Family violence penalty push
FAMILY violence perpetrators would get a property settlement penalty in the divorce court under a plan pitched to Canberra by a Hobart support service and peak women’s group.
Women’s Legal Services Australia and Hobart’s Sexual Assault Support Service (SASS) are lobbying for changes to the Family Law Act to require courts to consider family violence when determining property split.
Relationship violence currently does not automatically affect a Family Court property settlement decision unless, generally, it can be proved to have affected a party’s ability to earn a living.
However SASS, in a submission to the federal parliamentary inquiry into the law and family violence, has called for the courts to be compelled to consider the wrongdoings of a family violence perpetrator in property splits.
And Women’s Legal Services Australia has called for the courts to take family violence into account “as a negative con- tribution by the perpetrator’’.

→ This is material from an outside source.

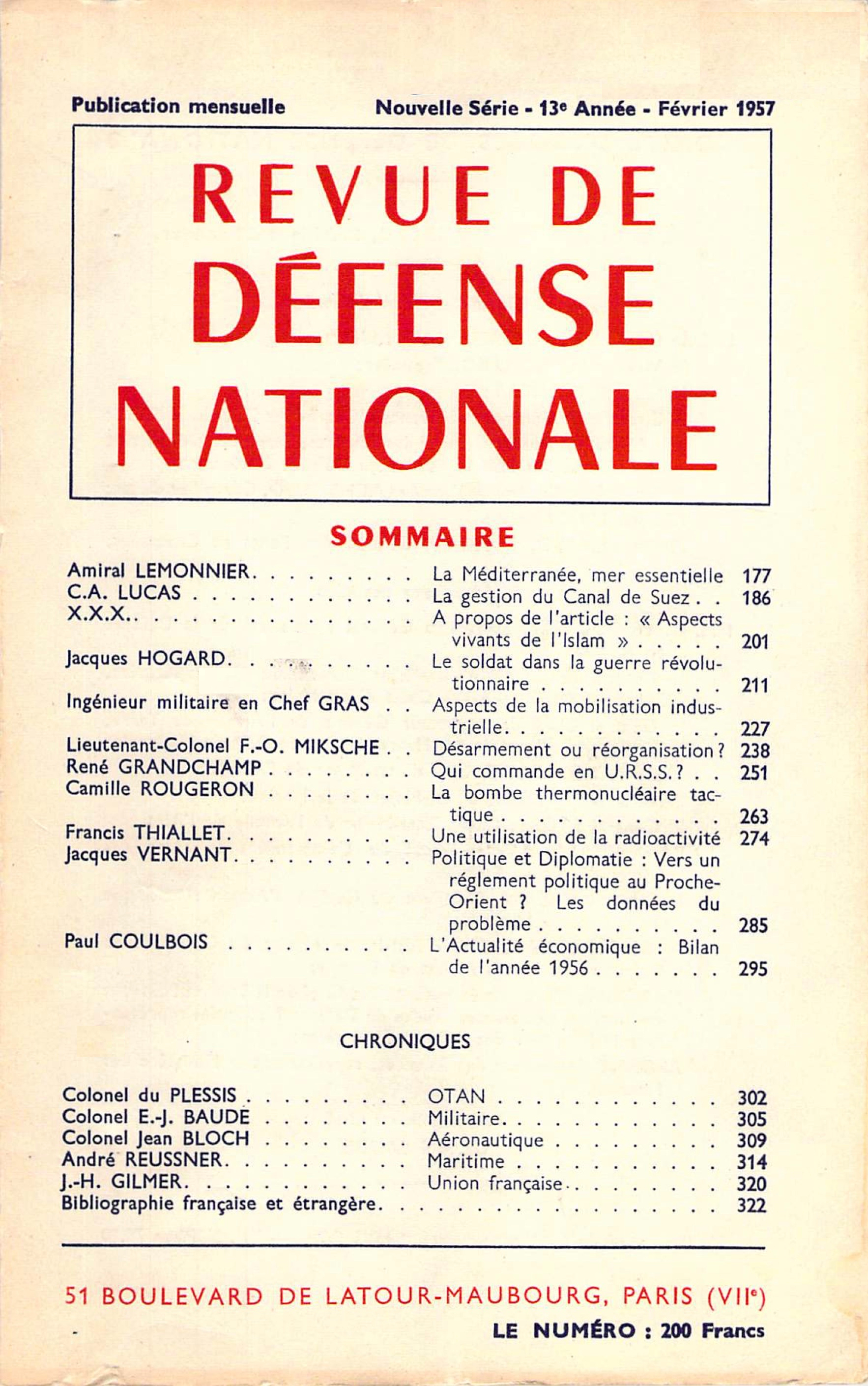 Dans son numéro de novembre dernier la Revue de Défense Nationale a publié un article intitulé « Aspects vivants de l’Islam » dont l’inspiration et les arguments ont provoqué de vives réactions, aussi nous a-t-il paru nécessaire de revenir sur les idées exprimées par l’auteur. Lire les premières lignes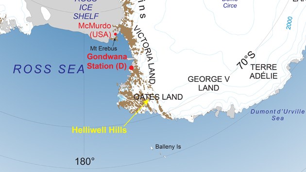 Nach einer ersten Erkundung der Helliwell Hills (Blogeintrag vom 12.01.2016) hatten wir in den letzten Tagen ausgiebig Gelegenheit, die Umgebung des Lagers weiter zu untersuchen. Das Wetter war ideal dafür, denn wir hatten wenig Wind, viel Sonnenschein und angenehme Temperaturen. Der Wetterbericht, der jeden Tag von der Mario Zucchelli-Station durchgegeben wird, gibt Maximaltemperaturen von etwa minus fünf Grad Celsius an, die sich bei der geringen Luftfeuchtigkeit (20 bis 40 Prozent) durchaus nicht kalt anfühlen. Das sind beste Bedingungen, um längere Zeit an einer Stelle im Freien zu arbeiten.

“The courts should be required to consider the effect of family violence on the property settlement process and … the court should consider both the impact that the violence has on the victim and the negative contribution made by the perpetrator through being violent,’’ the service noted.
SASS chief executive Jill Maxwell said yesterday sexual assault and violence within a relationship was more common than many people thought and should be considered in a property split.
“It’s an important factor to consider,’’ Ms Maxwell said.
However, lawyer Greg Richardson said while family violence was a stain on the community and a horrible thing, there was no justification to return to the faultbased family law that existed pre-1975 in Australia.
“You would be going back 40 years by reintroducing fault, which I thought we had done away with.’’
Mr Richardson said victims of family violence had other avenues, both civil and criminal, to pursue perpetrators.